-------- Given information
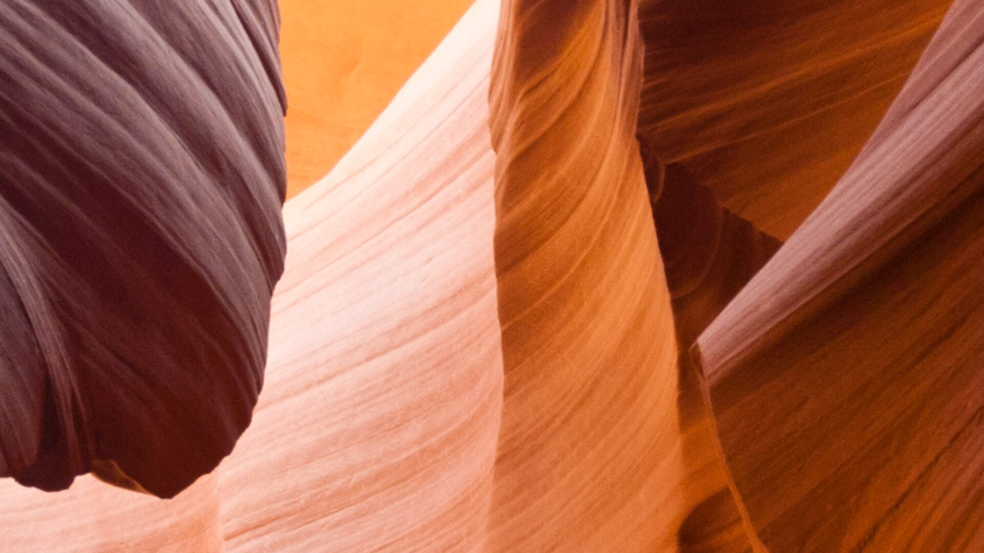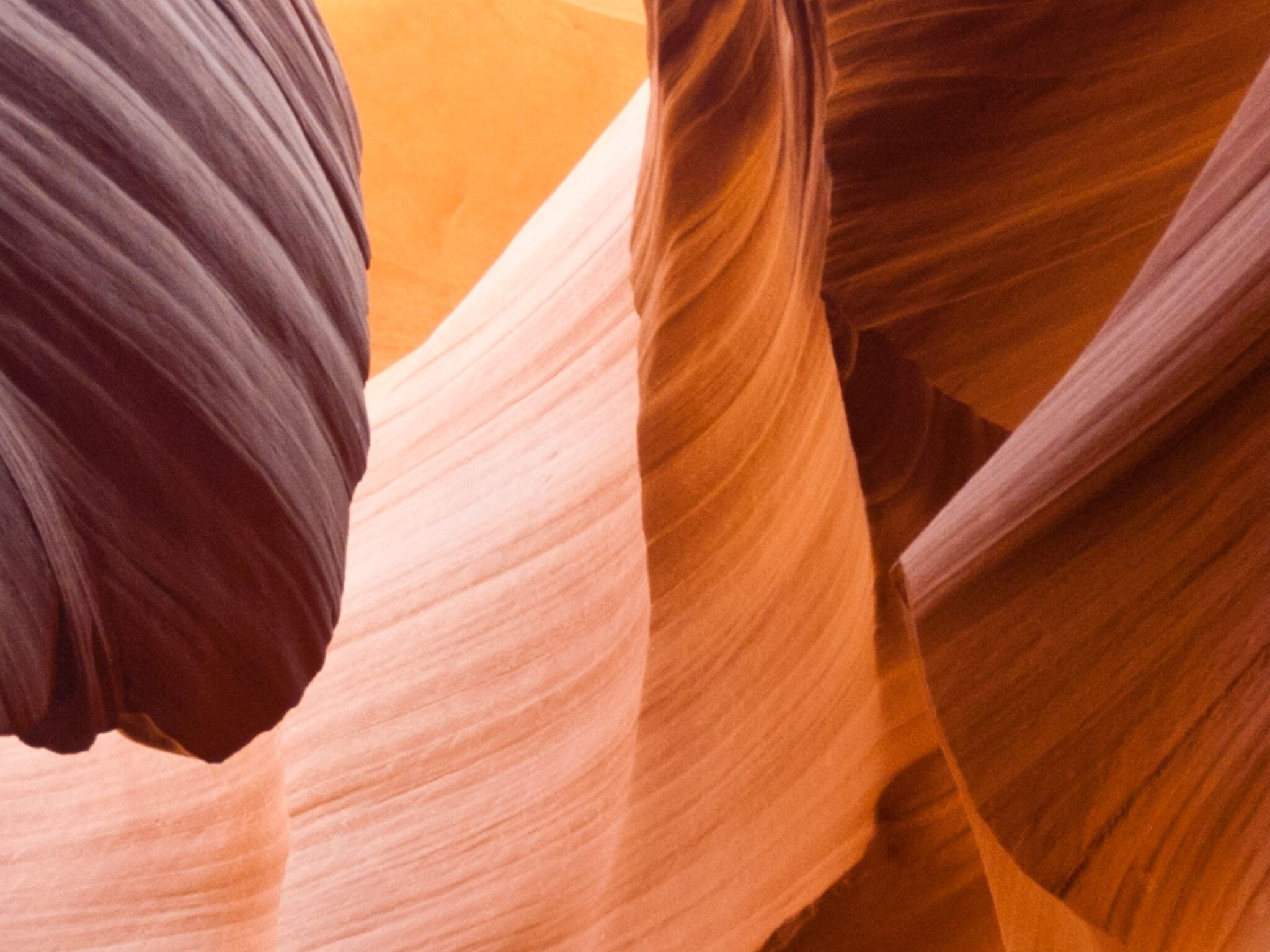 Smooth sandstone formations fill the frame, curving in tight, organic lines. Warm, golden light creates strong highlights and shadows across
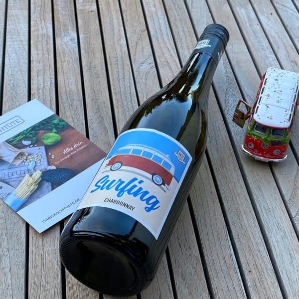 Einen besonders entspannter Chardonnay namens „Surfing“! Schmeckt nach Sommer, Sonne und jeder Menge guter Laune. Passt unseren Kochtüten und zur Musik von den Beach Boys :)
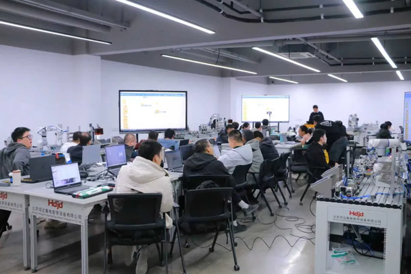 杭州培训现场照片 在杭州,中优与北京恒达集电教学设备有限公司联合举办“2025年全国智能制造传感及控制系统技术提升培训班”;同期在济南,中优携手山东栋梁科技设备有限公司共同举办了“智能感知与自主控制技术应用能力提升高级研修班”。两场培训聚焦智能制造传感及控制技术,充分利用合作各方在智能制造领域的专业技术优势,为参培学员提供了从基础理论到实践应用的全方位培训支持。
----------------
Task objective: No picture belongs in the copy; return the rest of the listing exactly.

Answer to this problem:
 Smooth sandstone formations fill the frame, curving in tight, organic lines. Warm, golden light creates strong highlights and shadows across
 Einen besonders entspannter Chardonnay namens „Surfing“! Schmeckt nach Sommer, Sonne und jeder Menge guter Laune. Passt unseren Kochtüten und zur Musik von den Beach Boys :)
 杭州培训现场照片 在杭州,中优与北京恒达集电教学设备有限公司联合举办“2025年全国智能制造传感及控制系统技术提升培训班”;同期在济南,中优携手山东栋梁科技设备有限公司共同举办了“智能感知与自主控制技术应用能力提升高级研修班”。两场培训聚焦智能制造传感及控制技术,充分利用合作各方在智能制造领域的专业技术优势,为参培学员提供了从基础理论到实践应用的全方位培训支持。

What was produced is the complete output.